I was wondering if there exists a reliable way to extract the $n$th root of a given number. For example, if you have a large perfect square such as 10,404, how would I go about taking its square root by hand?

And what about cube roots? Is there a way to find the cube root of any number by hand?

If there is a way to take the cube and square roots of any number, is there a technique that can be applied to extract the cube or square root of polynomials? What about any root?

I think that, if there is a way to take the $n$th root of any number of polynomial, I would benefit from learning it, since I consider being able to work with roots important to my algebra foundation.
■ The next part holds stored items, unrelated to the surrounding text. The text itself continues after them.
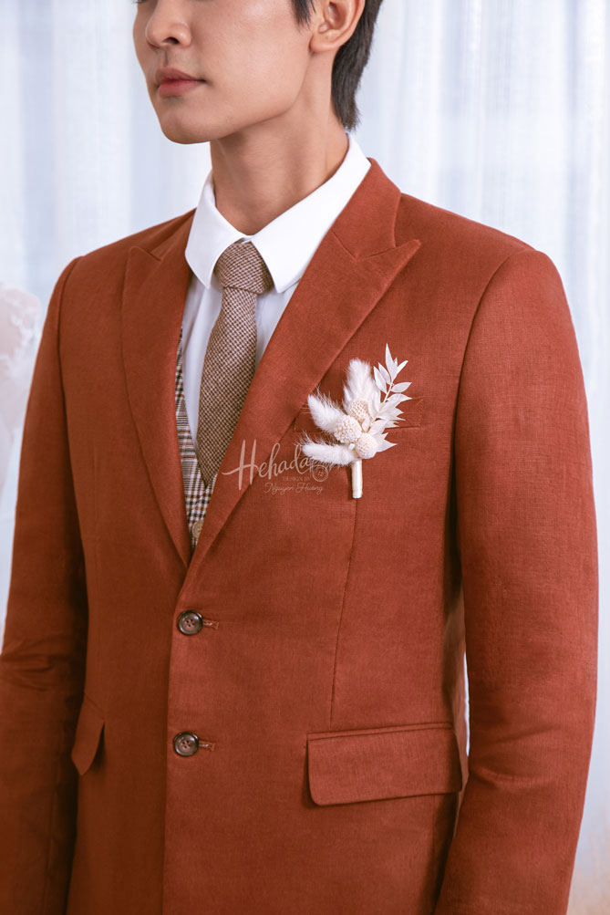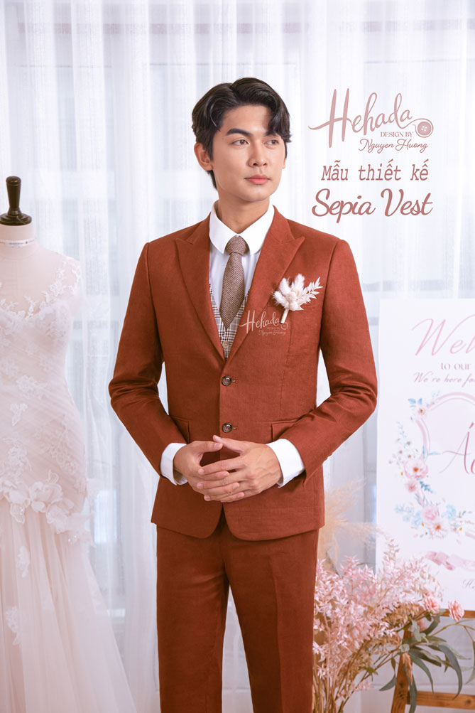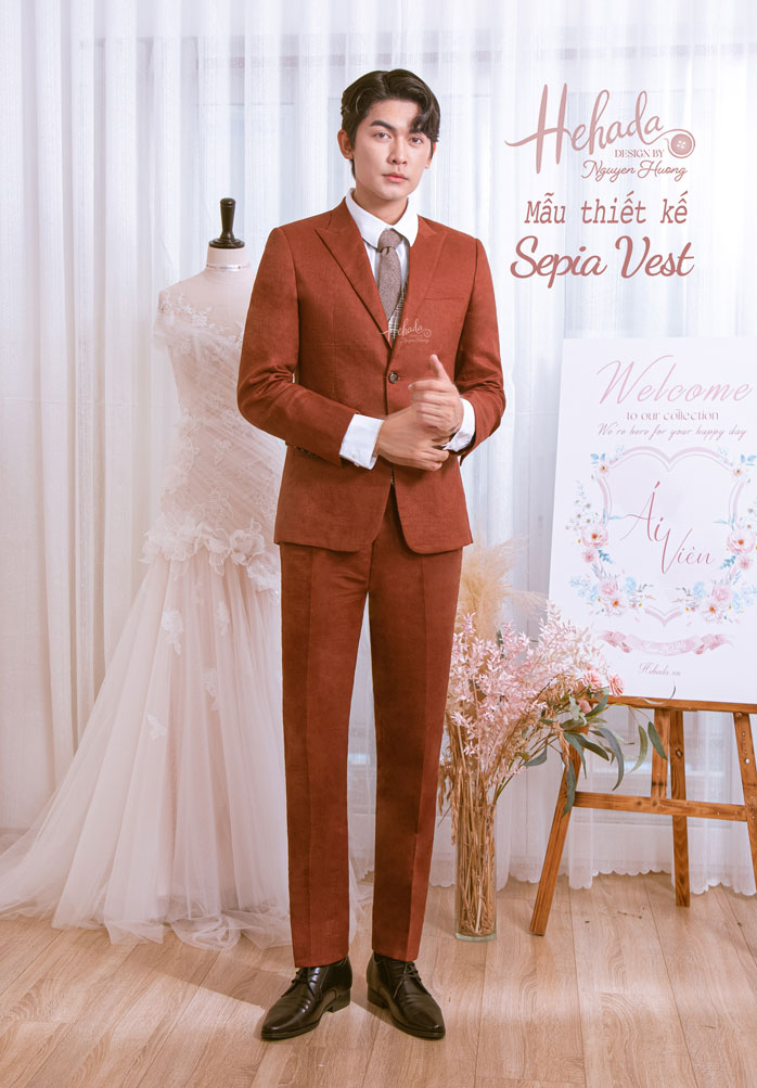 ”𝐕𝐞𝐬𝐭 𝐒𝐞𝐩𝐢𝐚” mang sắc cam pha nâu sậm ấm áp, vừa mạnh mẽ vừa tinh tế, giúp chú rể nổi bật nhưng vẫn giữ được nét nhã nhặn trong ngày trọng đại.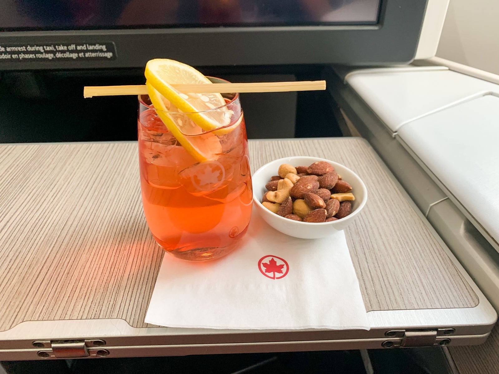 Once the seatbelt sign was turned off, flight attendants came through the cabin distributing hot towels. About 35 minutes after takeoff, they began serving drinks and mixed nuts. I tried the Air Canada signature cocktail, a mix of Crown Royal Canadian whiskey, gin and cranberry juice. Note that the bar selection was buried at the back of the menu, meaning you had to flip through the English, French and Chinese translations to see what drinks were available.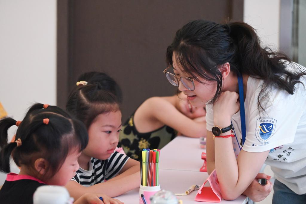 爱农思政课堂上实践队成员与小朋友的互动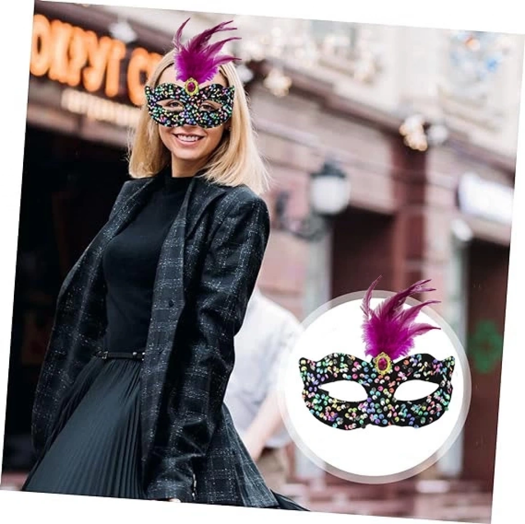 Karnavalda, baloda veya maskeli baloda göz kamaştırmak mı istiyorsunuz? Siyah Kadife Üzeri Rengarenk Payetli Pullu Pembe Tüylü Pembe Taşlı Parti Maskesi ile gecenin yıldızı siz olun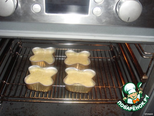 Тесто разлить по формочкам и выпекать в духовке при 180 градусах в течение 40-50 мин.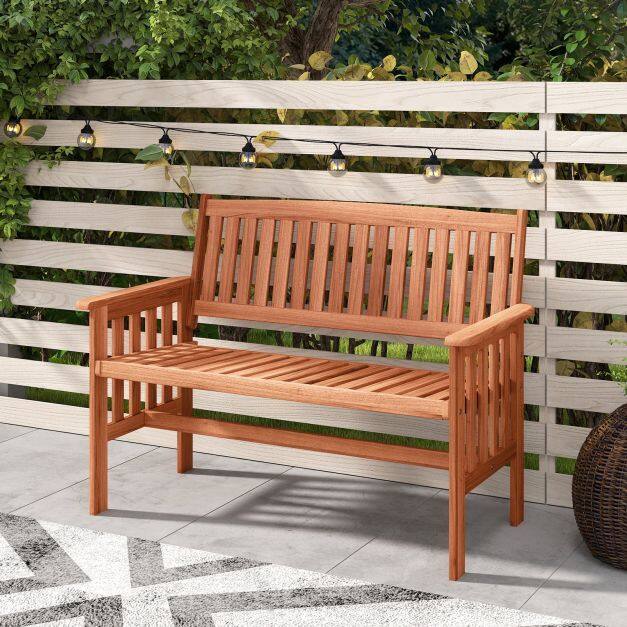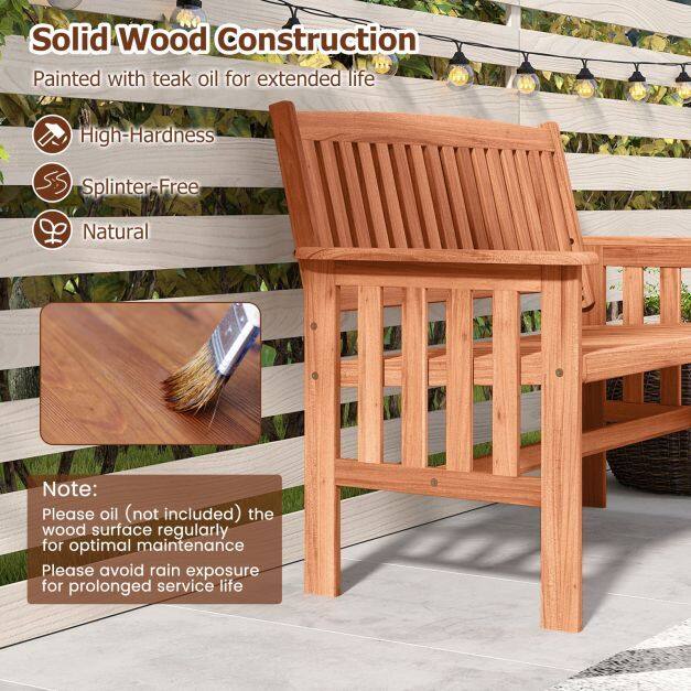 ● Premium Wood Charm: This outdoor bench is crafted from high-quality wood that showcases natural beauty while ensuring a splinter-free surface for a smooth touch. Please regularly oil (not included) the wood surface for optimal maintenance.

  • $\begingroup$ For the square root, there is a method similar to the usual division by a number. If we know that the number is a perfect square we can restrict the possibilities (ending digits , residue mod 9). For cube roots and higher , I am not aware of an efficient method by hand. $\endgroup$
    – Peter
    Feb 25 at 18:58
  • $\begingroup$ For square roots we can use the algorithm described here under "Digit-by-digit calculation" / "Decimal (base 10)" $\endgroup$ Feb 25 at 19:03
  • $\begingroup$ @StefanOctavian I've seen similar algorithms for higher roots done (somehow you take 3-digits at a time for cube roots.) But they stopped teaching the square-root extraction the year before I would have had to learn it. $\endgroup$
    – B. Goddard
    Feb 25 at 20:38

1 Answer 1


If you would like to compute $\sqrt[p]{a}$, the following iterative process will do it to whatever accuracy you please:

First, make a guess and call it $x_0$. Then perform this iteration:

$$x_{n+1} = \frac{(p-1)x_n^p+a}{px^{k-1}}.$$

For instance, if you want $\sqrt[5]{11}$, guess that $x_0=2$. The iteration looks like

$$x_{n+1} = \frac{4x_n^5+11}{5x_n^4}.$$

So we have $$x_1 = \frac{4\cdot2^5+11}{5\cdot 2^4} = \frac{139}{80}=1.7375.$$

$$x_2=\frac{4\cdot1.7375^5+11}{5\cdot 1.7375^4} = 1.631392308.$$

This number to the 5th power is $11.55558806$, so we're getting close.

$$x_3=\frac{4\cdot1.631392308^5+11}{5\cdot 1.631392308^4} = 1.615704970.$$

And $1.615704970^5 = 11.0105\ldots.$

This is an implementation of Newton's Method on the polynomial $x^p-a$.